The import detail for you to find out is: what is your system configured to load. You can find this with the fllowing command, looking for root=...:
cat /proc/cmdline
You can then start searching for why this isn't there using tools like ls and blkid.
But First: The boot process
The boot process loosly follows a sequence:
- Boot loader loads the kernel, initramfs (temporary filesystem) from disk into memory
- Boot loader starts the kernel, passing in parameters
- The kernel runs through its startup. It doesn't read from the disk at all here.
- The kernel executes a script in initrafs, already loaded by the boot loader, which finds and mounts the root filesystem (this is what failed)
- The initramfs script starts your system manager installed on your root file system
We can't tell you for certain what happened but it's very likely to be one of a handful of things.
You may not have attached all disks
If your system has a seperate disk for /boot, then steps 1 and 2 will run just fine, even though you main disk isn't even attached.
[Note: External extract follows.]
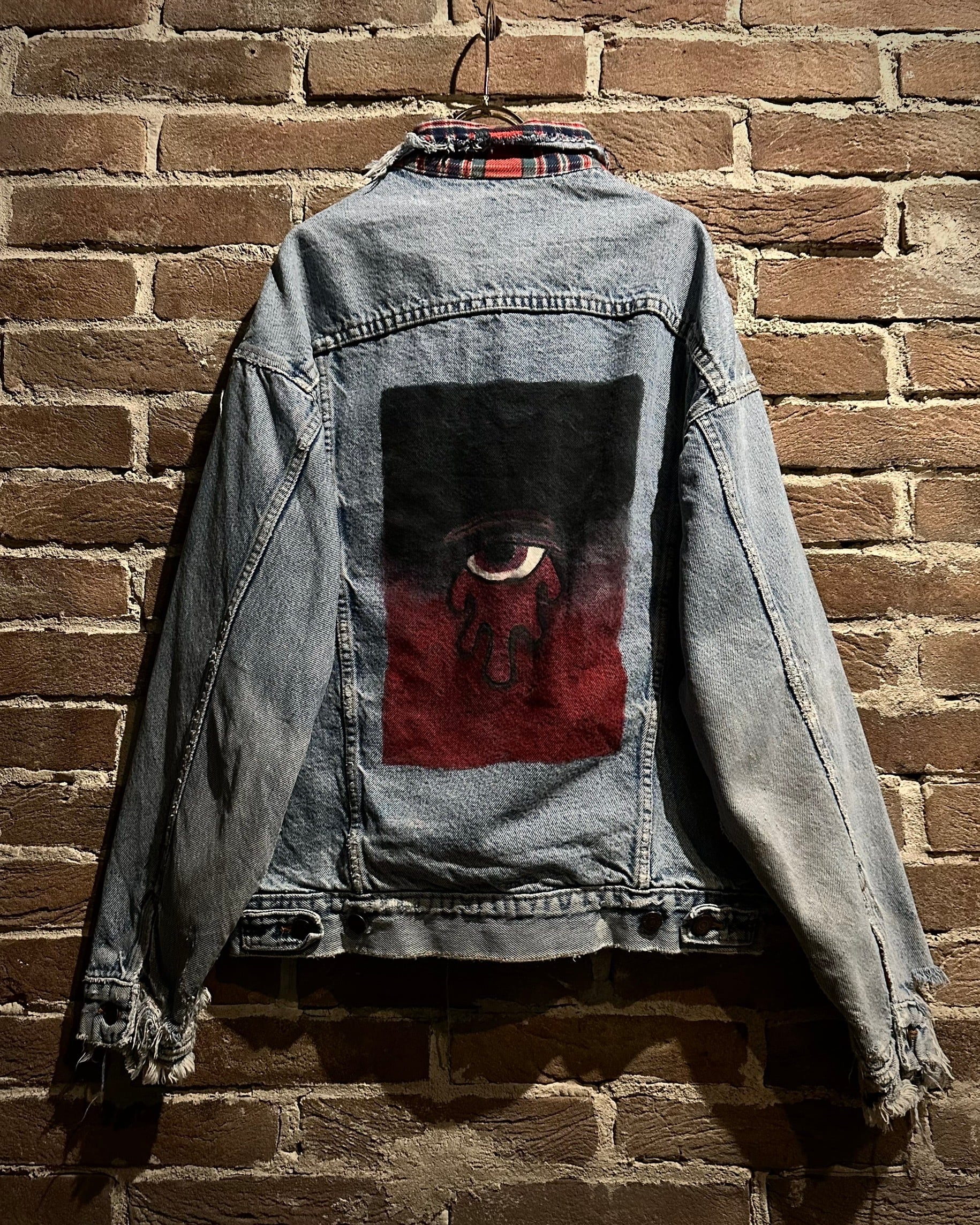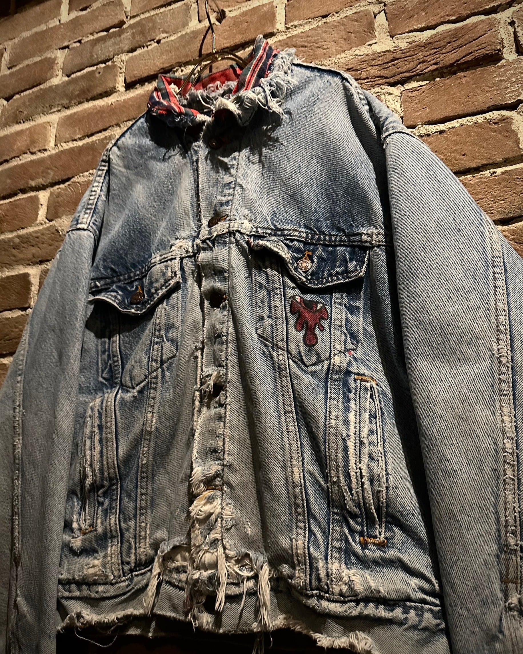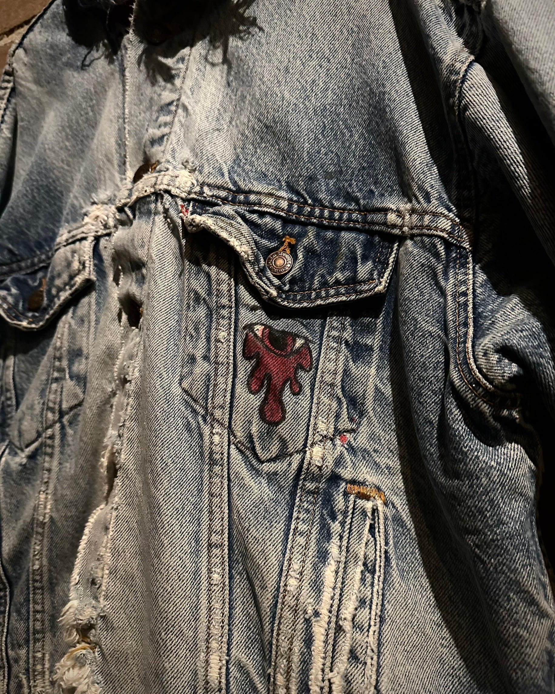 ベースはLevi’sのデニムジャケット。長年の着用で育った淡いブルーのフェード、前立て、袖先、裾に走るボロ具合など、リアルな経年変化が全体に広がり、ハンドドローイングの世界観と完璧に噛み合っています。裏地のチェック柄もアクセントに。
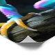 Um réptil de cor vívida com uma mistura de matizes vibrantes, incluindo verde, azul, amarelo e rosa, é empobrecido sobre um pedaço de madeira, destacando-se contra um fundo escuro e turvo. As escalas detalhadas e os olhos impressionantes melhoram a aparência cativante da criatura.

Step 3 will fail on the error you've shown because it just can't find a disk if it's not attached.
If all your disks are there, you should be able to find them in /dev with ls. Eg: /dev/sd*. If your root file system disk is just not there, then the VM itself is not properly configured.
You may have re-ordered your disks
The initramfs script usually knows what to mount because the boot loader passes configured kernel parameters to the kernel. The parameter is root=....
If this is configured to a named disk (root=/dev/...) then re-ordering the disks will change their name. Eg: /dev/sda1 could become /dev/sdb1.